Tout le beau sexe, aux fenêtres penché,
Battait des mains, de tendresse touché ;
On voyait fuir tous les gens à soutane
Sur les débris du bûcher renversé,
Qui dans le sang nage au loin dispersé,
Sur ces débris le bâtard intrépide
De Dorothée affermissant les pas,
A l’air, le port, et le maintien d’Alcide,
Qui, sous ses pieds enchaînant le trépas,
Le triple chien, et la triple Euménide,
Remit Alceste à son dolent époux,
Quoique en secret il fût un peu jaloux.



Avec honneur la belle Dorothée
Fut en litière à son logis portée,
Des deux héros noblement escortée.
Le lendemain, le bâtard généreux
Vint près du lit du beau couple amoureux.

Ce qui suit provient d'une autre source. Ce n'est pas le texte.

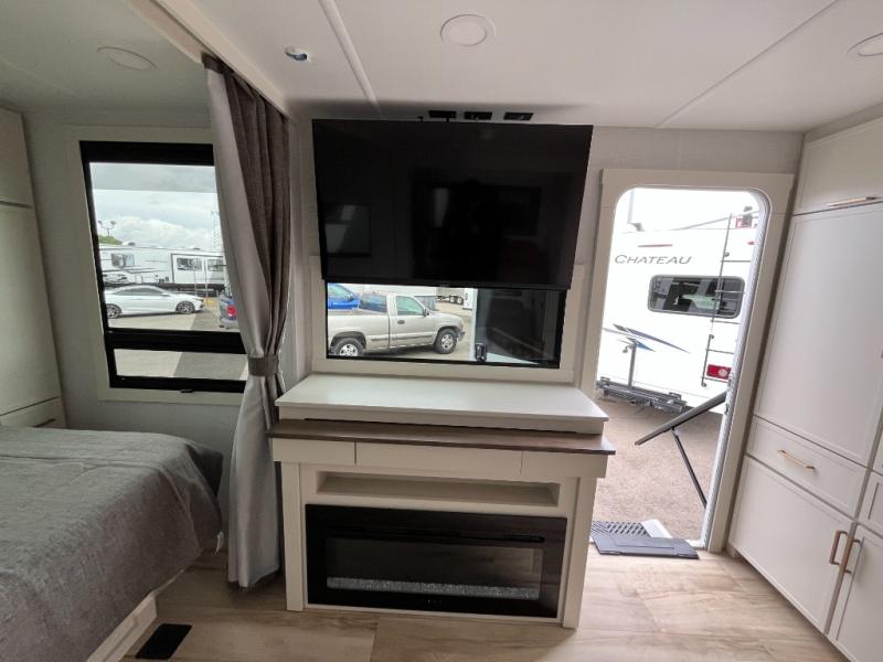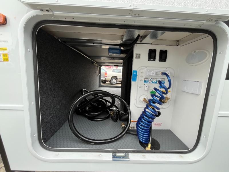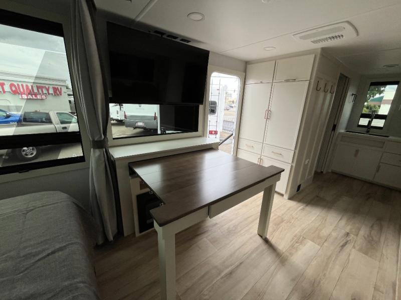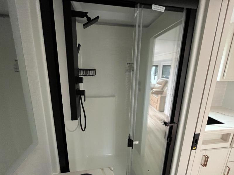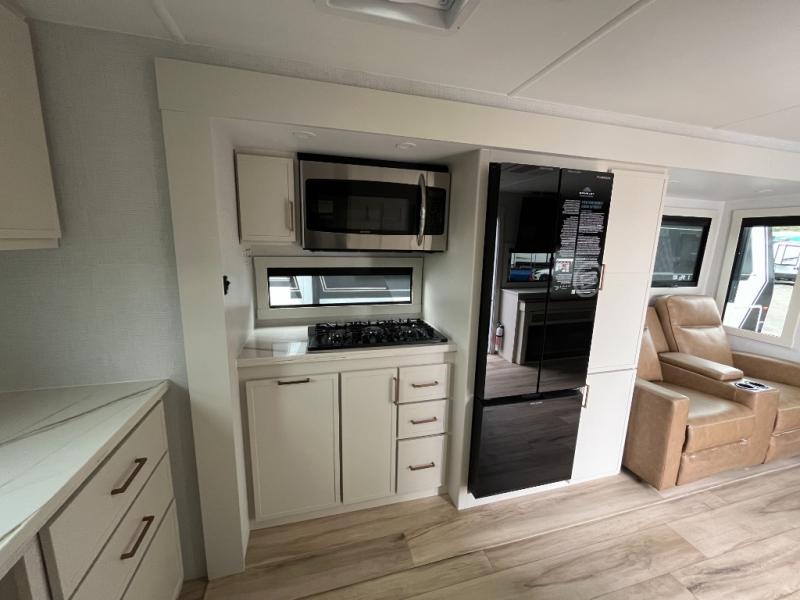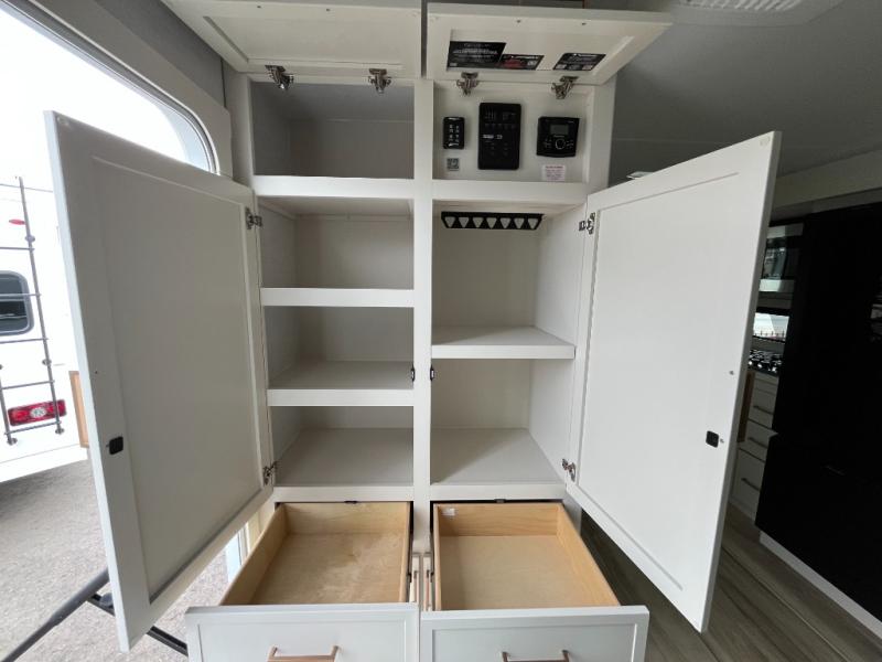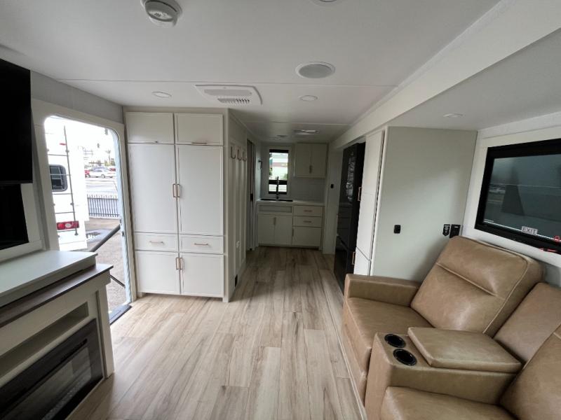You'll love the amount of space you have in this travel trailer thanks to the large slide out in the main living area. There is comfy theater seating here, along with the kitchen appliances plus a pantry with drawers and an outlet. And a tri-fold sofa option can be chosen in place of theater seating if you're needing sleeping space for guests. You can dine at the pull-out dining table with a drawer, which is right in front of the pull-down interior/exterior screen. A full bath with a 36" x 30" shower will let you freshen up each day, and the king bed in the front bedroom includes a room divider in front for added privacy!
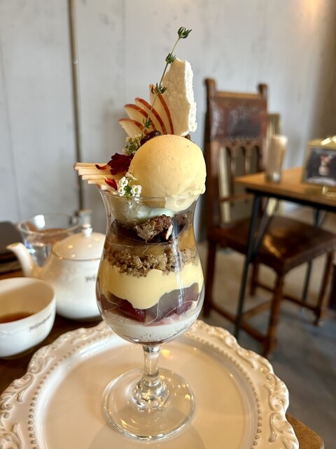 (もう一つのパフェは、林檎×pommeパフェ(3,200円)アイス多めでいろんなりんごのアレンジが楽しめるここでは初のりんごメインパフェ。10月越えてもまだありますよ〜。)
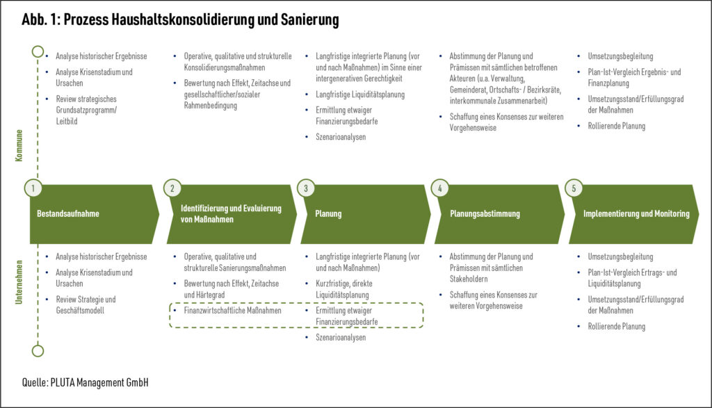 Ein strukturiert aufgesetzter Sanierungsprozess mit einer laufenden Überwachung der Planerfüllung dient im Anschluss an den Planungsprozess der Sicherstellung der langfristigen Durchfinanzierung auf beiden Ebenen sowie der frühzeitigen Identifizierung etwaiger Zusatzbedarfe. Dies versetzt die Kommune in die Lage, rechtzeitig die Stabilität der öffentlichen Unternehmen zu gewährleisten und Insolvenzen sowie Haftungsrisiken zu vermeiden. Sowohl Planungs- als auch Sanierungsprozess sind daher auf beiden Ebenen in enger Abstimmung zu erstellen und zu überwachen.

" Je sens, dit-il, que je suis inutile
Aux doux plaisirs que vous goûtez tous deux
Il me convient de sortir de la ville ;
Jeanne et mon roi me rappellent près d’eux ;
Il faut les joindre, et je sens trop que Jeanne
Doit regretter la perte de son âne.
Le grand Denys, le patron de nos lois,
M’a cette nuit présenté sa figure :
J’ai vu Denys tout comme je vous vois.
Il me prêta sa divine monture,
Pour secourir les dames et les rois :
Denys m’enjoint de revoir ma patrie.
Grâces au ciel, Dorothée est servie ;
Je dois servir Charles sept à son tour.
Goûtez les fruits de votre tendre amour.